Ray gave a tug at my arm. “He has them quiet. Good time to go,” he said.
“Just when the party’s finally getting interesting?” I said, laughing nervously. “Golly gosh, Ray, it looks like Brother Sherbrooke’s worked hard for this moment. The least we can do is give him the courtesy of watching.”
Ray turned his quick gaze from the crowd to me.
“This is
theater
,” I said. “Look at Sherbrooke—he’s all but laying Shakespeare on them. And that preacher, who wrote his lines? Come on, I’ll bet they met at a bar in Cincinnati and cooked this up for the publicity it would generate for both sides.”
Ray squinted at me in disgust.
“Well,
look,
Ray, I mean
really
look at them. They each need the other or there’s nothing to be dramatic about. Poor stiffs like you and me, we’re here to do our jobs—you know, try to figure out whether birds are really descended from dinosaurs, or find out who killed George Dishey. Those boys have a much more complicated agenda.”
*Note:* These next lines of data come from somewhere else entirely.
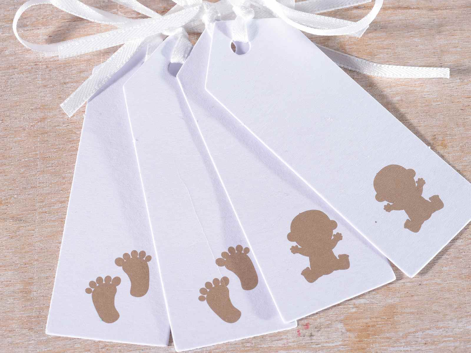 Lot de 50 étiquettes en papier blanc avec imprimé Naissance
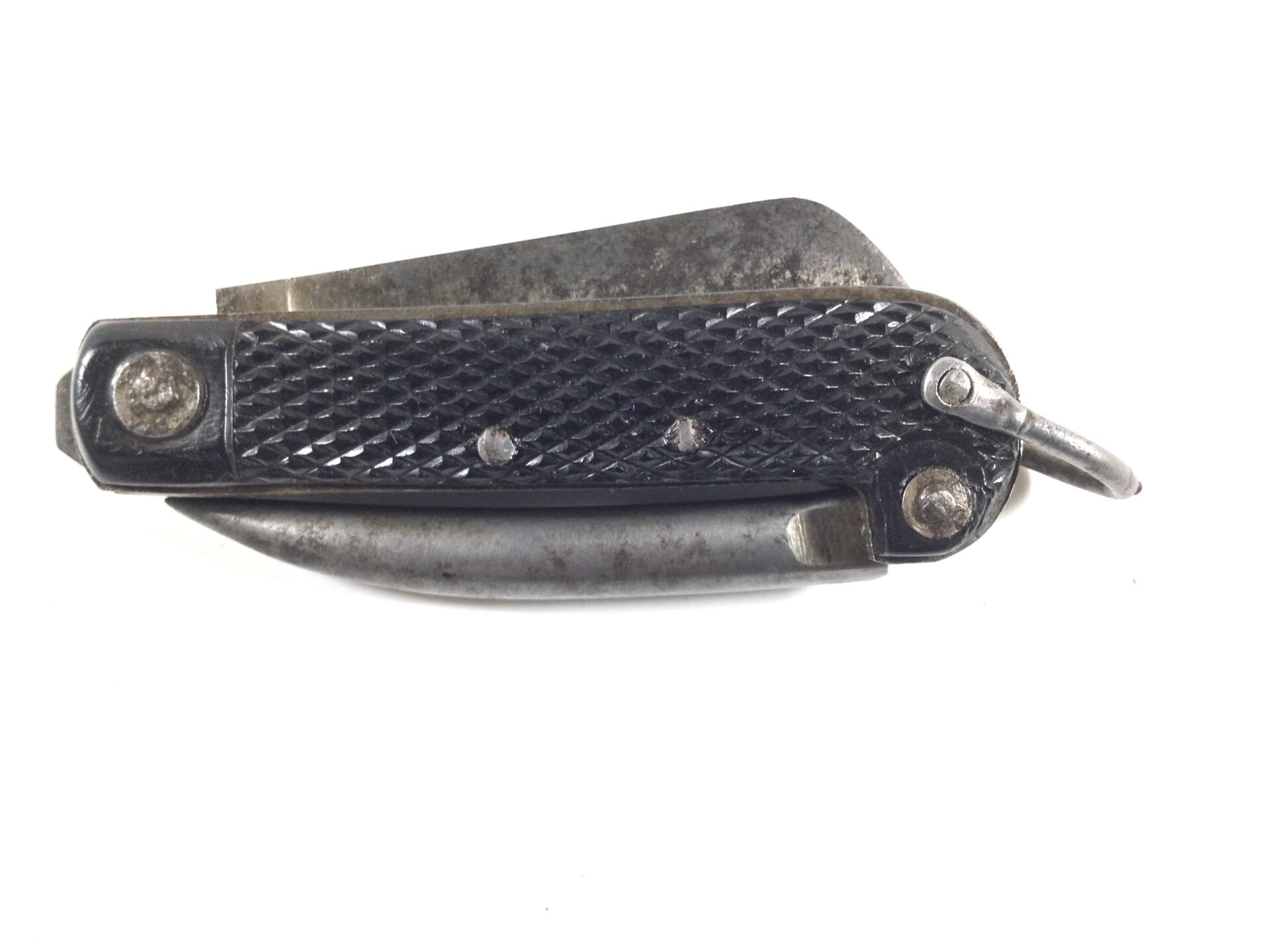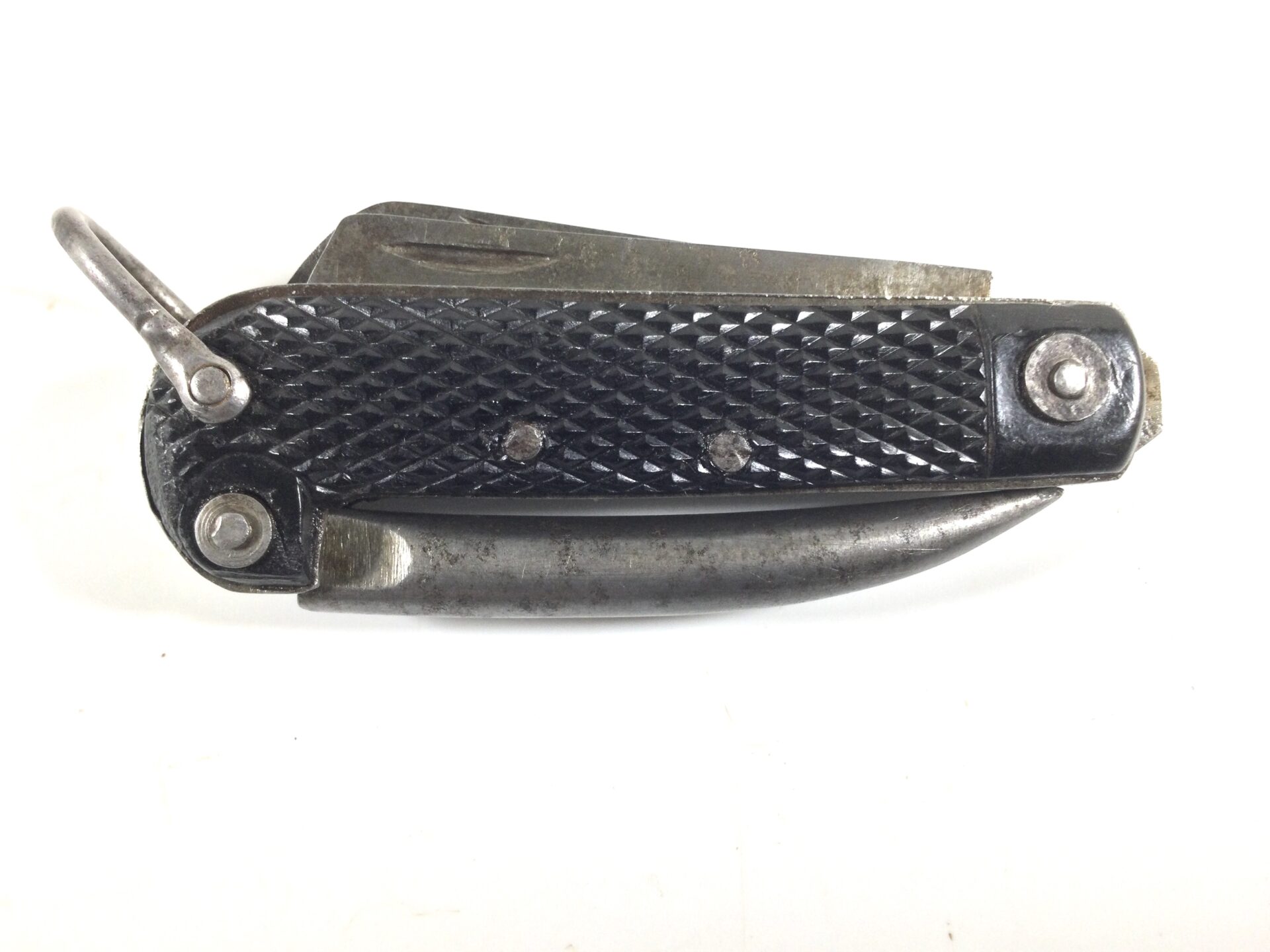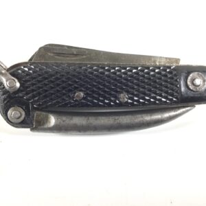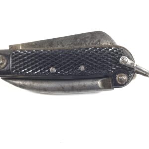 A vintage four tool clasp knife that has very strong spring action to all tools. Only marking I can see is “ENGLAND” holding a 2.3/8” knife, a tin opener, a spike and a flat end screwdriver. Fully closed measures 3.3/4”. Nice scaled handle.
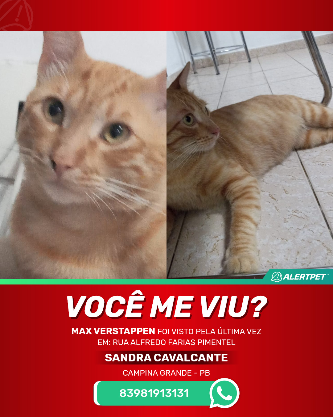 #AlertPet #Procurase #GatoDesaparecido #CampinaGrande #ProcuramosMaxVerstappen
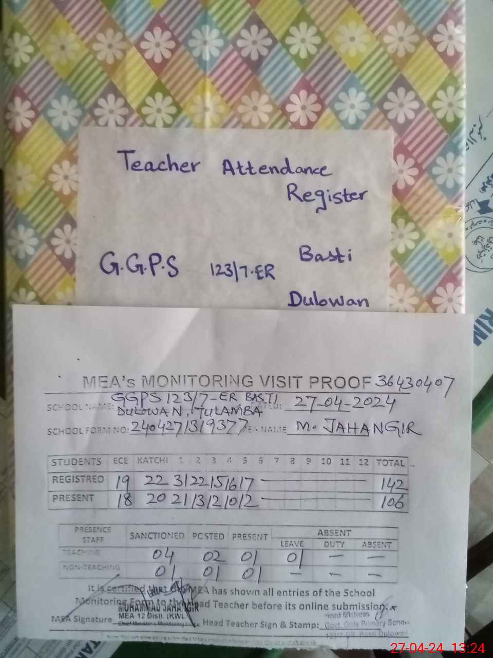 | Attendance Register | Head Teacher | MEA with School | Visit Proof |
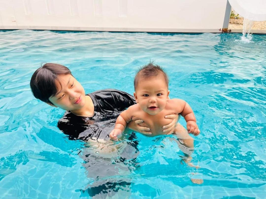 สระว่ายน้ำ กว้าง 3.5 เมตร ยาว 13 เมตร ลึก 130 ซม.
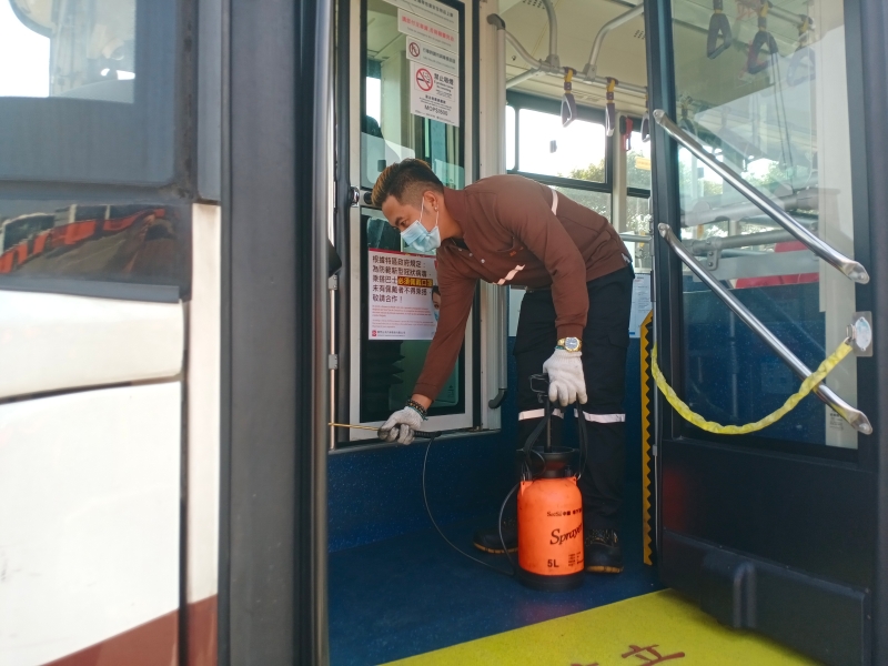 疫情防控常态化下,南光澳巴员工始终坚持车辆清洁消杀不放松。
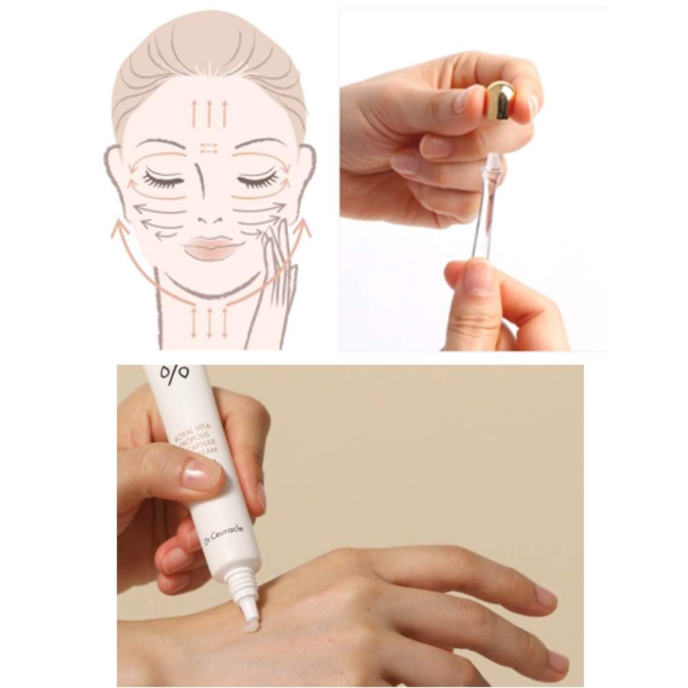 Зона під очима найчутливіша, чутлива до впливу погоди, перепаду рівня вологості, температури, рівня забрудненості навколишнього середовища та сонячних променів. Комбінація прополісу та колагенових капсул у новому кремі Dr.Ceuracle Royal Vita Propolis 33 Capsule Eye Cream робить шкіру більш пружною, відновлює цілісність шкірних покривів, вирівнює рельєф, прискорює процеси оновлення. Унікальність крему для шкіри навколо очей Dr. Ceuracle Royal Vita Propolis 33 Capsule Eye Cream не тільки у складі, але й технології колагенових капсул Vita. Vita колагенова капсула містить гідролізований колаген, аскорбіл тетраізопальмітат (Ascorbyl Tetraisopalmitate) та аскорбіл пальмітат (Ascorbyl Palmitate), які легко проникають у шкіру та мають виражену дію омолодження. Проведено клінічні тести в Human Skin Clinical Trial Center, які показали покращення стану шкіри навколо очей, зменшилась виразність зморшок та пігментації.
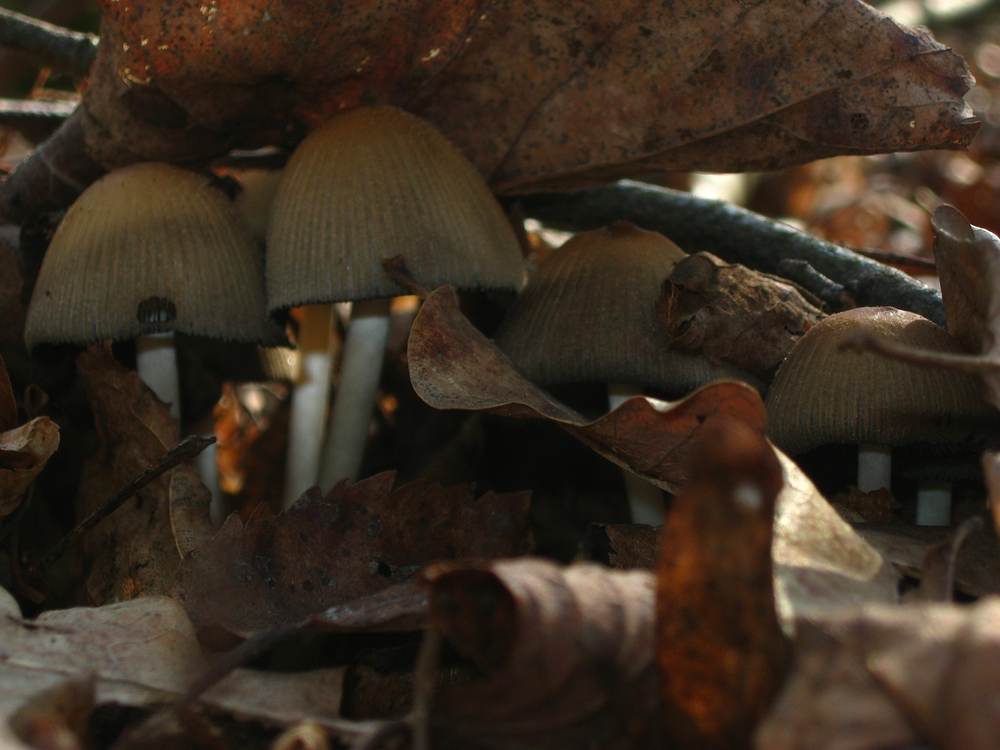 Die Suche nach den Tulpenbecherlingen verlief ohne Erfolg. Dafür hat Toffel viele schwarze Beläge auf Baumstümpfen und anderes schwarzes Pyrenomycetenzeug eingesammelt. Enno hat in der Zwischenzeit Glimmertintlinge gefunden.

Ray summarily put a hand against my back and shoved me through the door and out through the kitchens beyond, flashing his badge at each surprised face. Outside the service entrance, I caught sight of the man with the Australian hat. He was just pulling open the sliding side door of a van that was parked about fifty feet away, almost out of sight behind a big disposal bin. It struck me as odd that he would park there instead of in the main parking lot with the rest of the conferees, so I watched the man over my shoulder as Ray steered me forward. As the sliding door reached its fully open position, enough light filled the van that I could see that there was another man sitting in the backseat. He had a dilapidated appearance, all faded plaid flannel and patched jeans. His fingers were thickened from hard labor and his wrists thin and sinewed. Most spectacularly, he wore his beard almost a foot long, in a curtain of pale brown whiskers that fell straight from beneath his jutting cheekbones, hiding his mouth. As his head swung my way,
his eyes opened wide in surprise, narrowed, locked on mine, and then seemed to catch fire as a smile slowly split his beard from his drooping, feathery mustache.
My mouth fell open. It was the helicopter pilot from the photograph in George’s living room. I’d have known him anywhere. Not just because of his startling looks—now half-covered by the whiskers, a beard as long and straight as the one on the man who had shadowed me—but because of the light that seemed to burn from his eyes. Through those glowing eyes, he shot a toxic slug of emotions to me, an invitation mixed with seductive menace. I felt pierced, like a hot dagger had just been shoved through my heart. It was a helpless feeling, as if he knew something I didn’t and the only way I could be free of him was to kneel down and let him flow through me. “Ray!” I gasped.
Ray pulled me even harder, mercifully snapping my attention from the man in the van to himself. I swung my head to look into his eyes. He was concentrating, a look of irritation clamped on his face. I could tell he wasn’t listening, that he wouldn’t listen, that he was sick of my interference, that—
“That’s the man!” I whispered. I glanced back again. The door to the van was rolling shut.
“What man?” he muttered, still pulling me toward the main parking lot.
“Ray, listen!” I said, louder now. “There’s a man there in that van! I saw him in a picture in George’s house! And he looks like the guy who shot at us!”
Ray stopped and swung his attention to the van, but it was already rolling, disappearing down the service lane around the back of the building.
“He’s getting away!” I said stupidly, stating the obvious.
Ray dropped my arm and yanked a small spiral-bound notebook and a pen out of his breast pocket and began to write.
“Ray!”
“I got the plate number. I’ll call it in.”
“He was with a commercial collector,” I gasped, uncertain what that meant.